Existence et calcul des intégrales suivantes :

1. \(\displaystyle \int_{0}^{+\infty} \frac{dx}{(x+1)(x+2)}\)
2. \(\displaystyle \int_{0}^{+\infty} \frac{x^4}{x^{10}+1} \, dx\)
3. \(\displaystyle \int_{0}^{1} \frac{x^2}{\sqrt{1-x^2}} \, dx\)
4. \(\displaystyle \int_{0}^{+\infty} \frac{e^{-\sqrt{x}}}{\sqrt{x}} \, dx\)
5. \(\displaystyle \int_{0}^{1} \frac{\ln x}{\sqrt{1-x}} \, dx\)

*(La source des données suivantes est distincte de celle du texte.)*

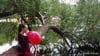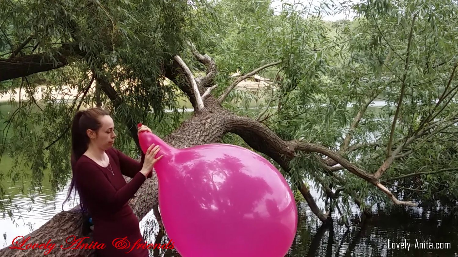 Dome stands by the lake and inflates a nice big balloon over and over. He's getting a great neck. Then she knots the balloon. Then she squeezes the balloon between her and a tree. You can see in her eyes how she likes it. Boom and the balloon pops.

6. \(\displaystyle \int_{0}^{+\infty} \frac{dx}{x^2+x+1}\)
7. \(\displaystyle \int_{0}^{+\infty} \frac{dx}{(x^2+1)^2}\)
8. \(\displaystyle \int_{0}^{+\infty} \frac{dx}{5\ln x + 3\ln x + 4}\)
9. \(\displaystyle \int_{0}^{+\infty} \frac{x\ln x}{(1+x^2)^2} \, dx\)
10. \(\displaystyle \int_{0}^{+\infty} \frac{dx}{(1+x^2)^{3/2}}\qquad \) (\(t = \frac{1}{x}\))
11. \(\displaystyle \int_{0}^{\pi/2} \frac{dx}{1+(\tan x)^\alpha}\) (\(\alpha > 0\))
12. \(\displaystyle \int_{0}^{+\infty} \frac{dx}{(1+x^2)(1+x^n)}\), \(n\in\mathbb{N}\qquad \) (\(t = \frac{1}{x}\))
13. \(\displaystyle \int_{1}^{+\infty} \frac{dx}{x\sqrt{x^2-1}}\quad \) ( \(x = \operatorname{ch} t\))
14. \(\displaystyle \int_{0}^{+\infty} \frac{\ln x}{1+x+x^2} \, dx\qquad \) (\(t = \frac{1}{x}\))
15. \(\displaystyle \int_{0}^{+\infty} \ln\left(1 + \frac{3}{1+x^2}\right) \, dx\qquad\) ( intégration par parties)